As your bump grows the ligament around your abdominal and pelvic area stretch and can cause discomfort. In some cases a support belt can be of benefit.
If you visit www.bloomingmarvellous.com (a wonderful company, but no relation to us) and visit their pregnancy lingerie section,they have 2 support belt products which may be of benefit to you.
However, as you have already identified, if the ligament pains continue then my advice would be to swap to power walking/ X trainer/ static cycling/ swimming.
Always seek the advice of your midwife/ G.P for any problematic pain.
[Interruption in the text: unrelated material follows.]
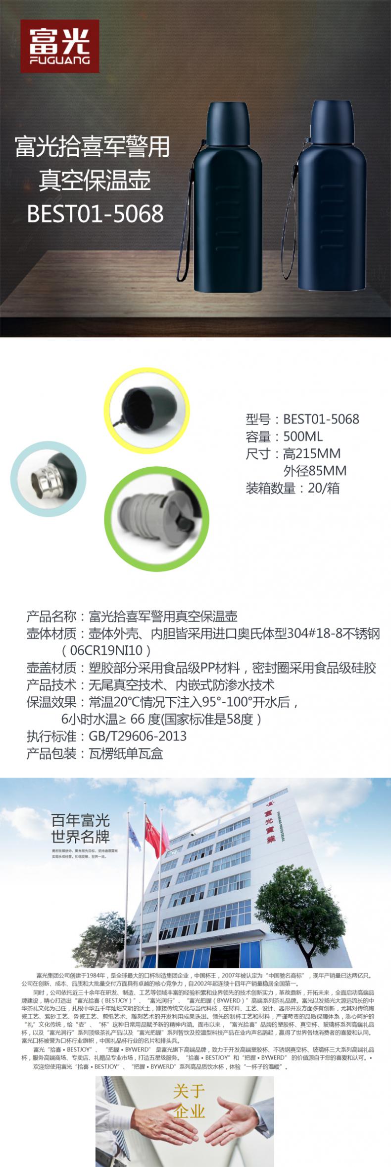 富光 拾喜军警用真空保温壶 BEST01-5068 500ml 蓝色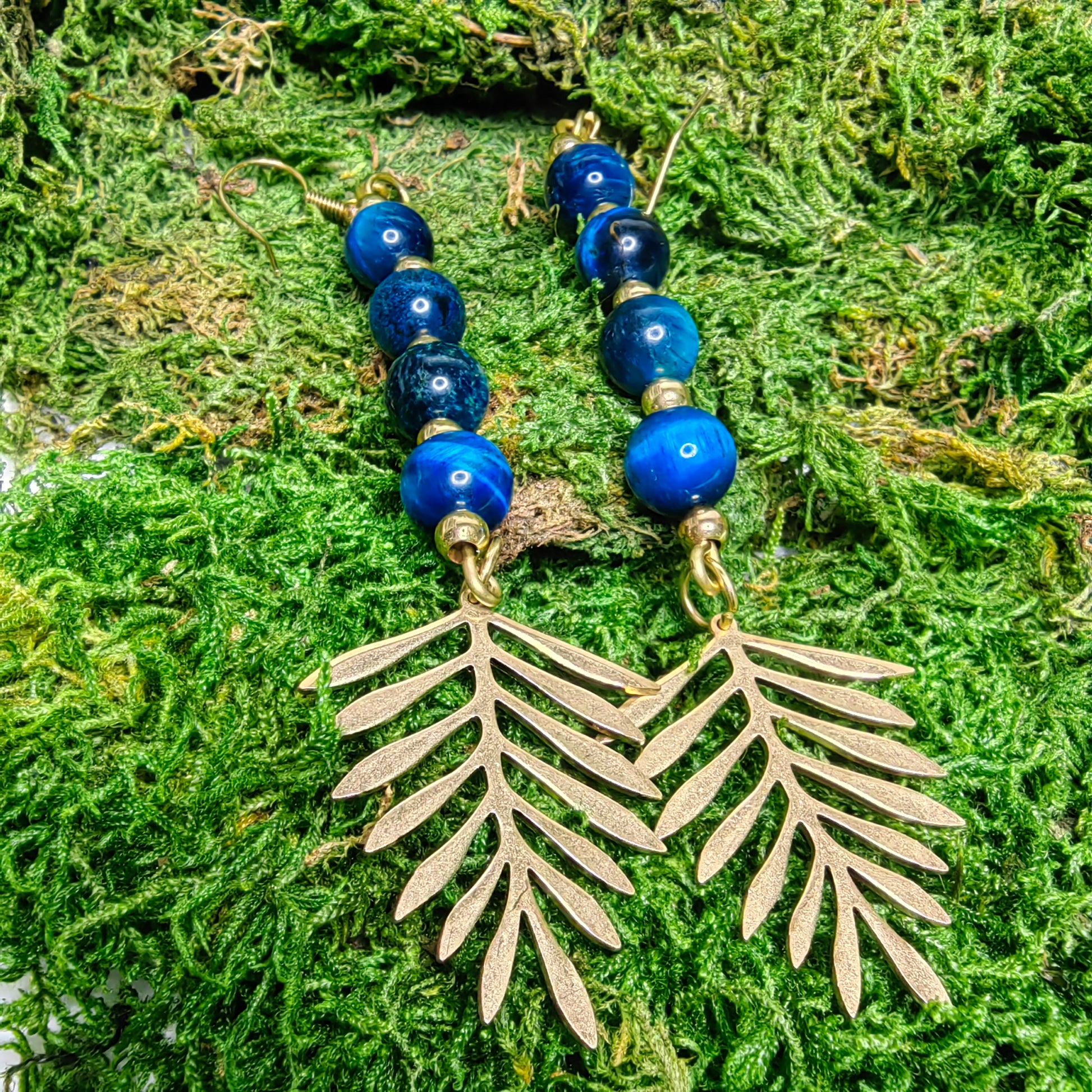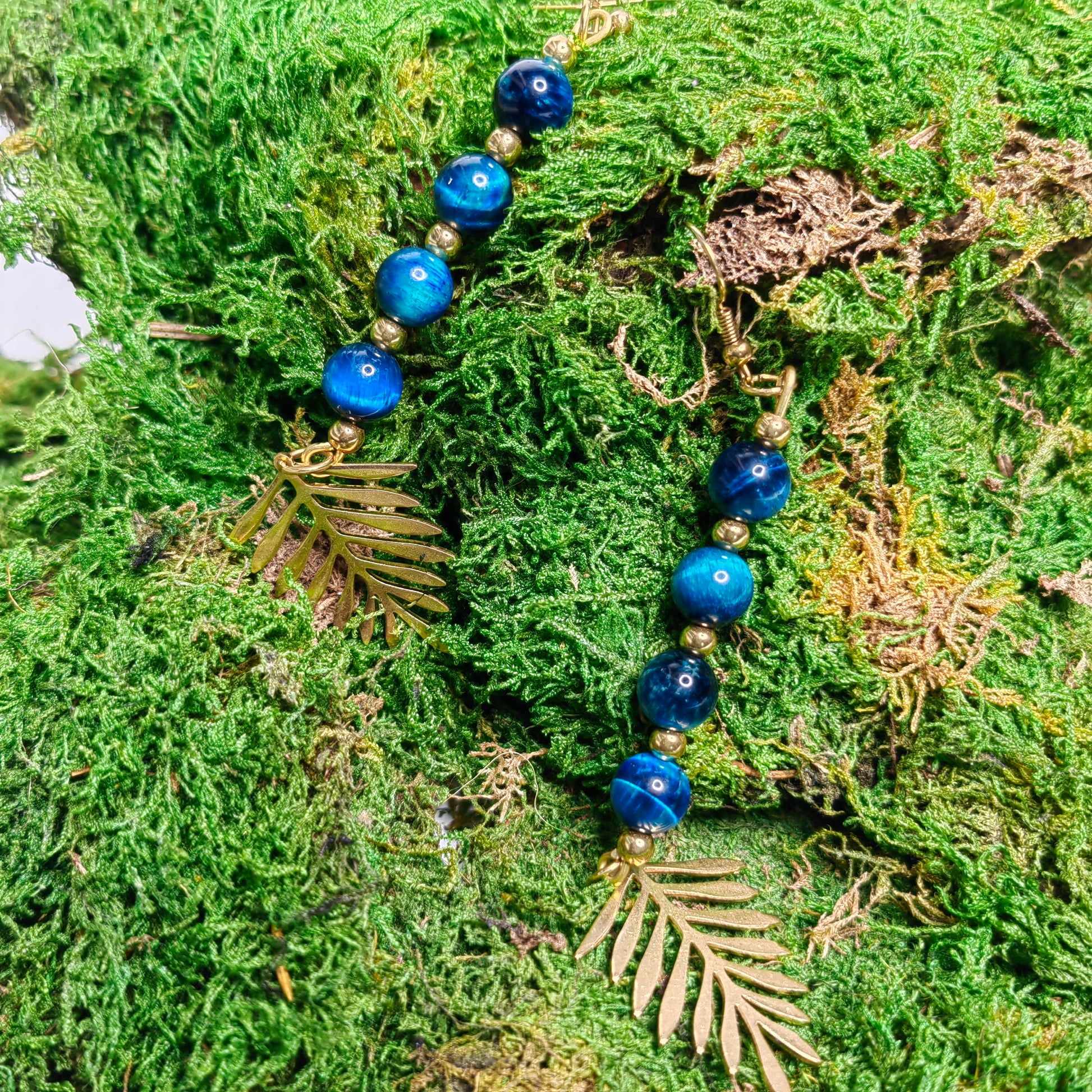 Découvrez nos magnifiques boucles d'oreilles en perles de laiton et perles naturelles de œil de tigre bleu paon.

Could you advice me at what stage one should no longer attend regular pilates classes, & rather attend those specifically for pregnancy.Thank you Kate
The answer has several variables. From approx 20 weeks, lying on your back for prolonged periods to perform exercises is not recommended. This is because of the pressure of the growing weight of your uterus constricting major blood vessels along your spine.
Therefore, your pilates teacher would have to be able to give you safe, alternative positions instead. This would depend on their experience, knowledge and class size.
If the pilates teacher is not experienced in pilates for pregnancy, I would advise that from 20 weeks onwards you seek a class specifically for pregnancy. These classes tend to be a smaller group, where there is more personal supervision.
Pilates can be particularly beneficial for back strengthening & posture during pregnancy, but attention to correct form is essential to prevent strain or injury.
I was wondering whether you could answer my query.
I am currently 8 weeks pregnant and have stopped going to the gym for the last month. I used to do SPIN classes each week. Are these classes safe or should I be doing less? Thanks Simone
I would like to know a little bit more about your exercise and obstetric history to be able to offer you more specific however here is my best advice.
If you stopped going to the gym last month due to medical complications then obviously I do advise you to have medical clearance before starting exercise again. However if it was simply because you felt the ‘normal' early symptoms such as tired, nausea etc then as long as you feel fine now you can continue to exercise. I do advises you to read the ‘care & Caution' on the exercise pages
Spin is an excellent cardio and non impact class and great for pregnancy.
However you must be aware of the intensity and of not exceeding recommended levels and push yourself too hard.
If you think of a scale of 1 to 10 (1= easy/ 10= at the point of exhaustion) the recommended level for pregnancy is between level 6 to 7
There is more detailed info on the website in the ‘exercise intensity' pages.
Often in Spin the instructor encourages you to ‘go for the burn and pump it up' so make sure you don't get carried away in the ‘frenzy' of enthusiasm.
Every 5 mins check your level and adjust how hard you are working in the Class.
Lower the gears or the spin speed according to HOW YOU FEEL & WORK WITHIN LEVEL 6-7 AND NOT WHAT THE INSTRUCTOR ADVISES FOR THE REST OF THE NON PREGNANCT CLASS
and always tell the instructor of any class you are pregnant before starting exercise.
Check your posture as this alters as pregnancy progresses. Make sure you don't slouch over the bars and keep your chest lifted.
Listen to your body and if you feel well, have no complication then Spin is an excellent cardio exercise for as long as you feel comfortable.
As you progress into your late second to third trimester you may wish to drop the sessions to a max of one a week.